Twice a year, thousands of members of the Shembe’ Church gather in eBuhleni in KwaZulu-Natal in celebration of their religion. Among all this activity, Panthera make their way through the crowds carrying precious Amambatha; fabric replicas of capes worn by male members of the church that are sold to the congregation.
“We have a great relationship with the church. We’ve managed to gain their trust by proving that we respect and protect their traditions. After many years of building this relationship they allow us access to the holy grounds to do our research and distribute our Amambatha,” says Tristan Dickerson, the Furs for Life Leopard Programme manager, who first thought of introducing faux leopard skin to replace real ones at traditional ceremonies, such as the Shembe gathering.

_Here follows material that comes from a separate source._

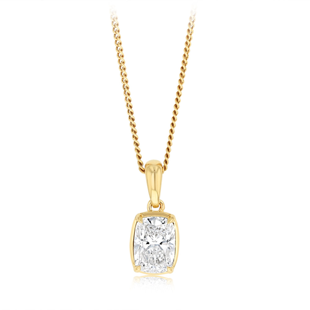 Luminesce Lab Grown 1 Carat Cushion Cut Diamond Solitaire Pendant in 9ct Yellow Gold

“The leopard’s beautiful skin is the primary reason it is the world’s most persecuted big cat. And in my years of work to protect the leopards of southern Africa, I’ve realised the only way to stop the hunting of leopards for their skins is to address the problem head-on – with creativity and respect for local religion and culture,” Tristan says.
Since 2013, the Furs for Life project has distributed a total of 17 602 Amambatha.
It is unclear how lifting the ban on zero quota leopard hunting will affect already threatened numbers, in addition to the very little scientific data generated to track them. This is due to their illusive nature, making it extremely difficult to calculate exactly how quickly they are disappearing.
What is also unclear is how thousands of Shembe worshippers have access to leopard skins, as permits are required to hunt them.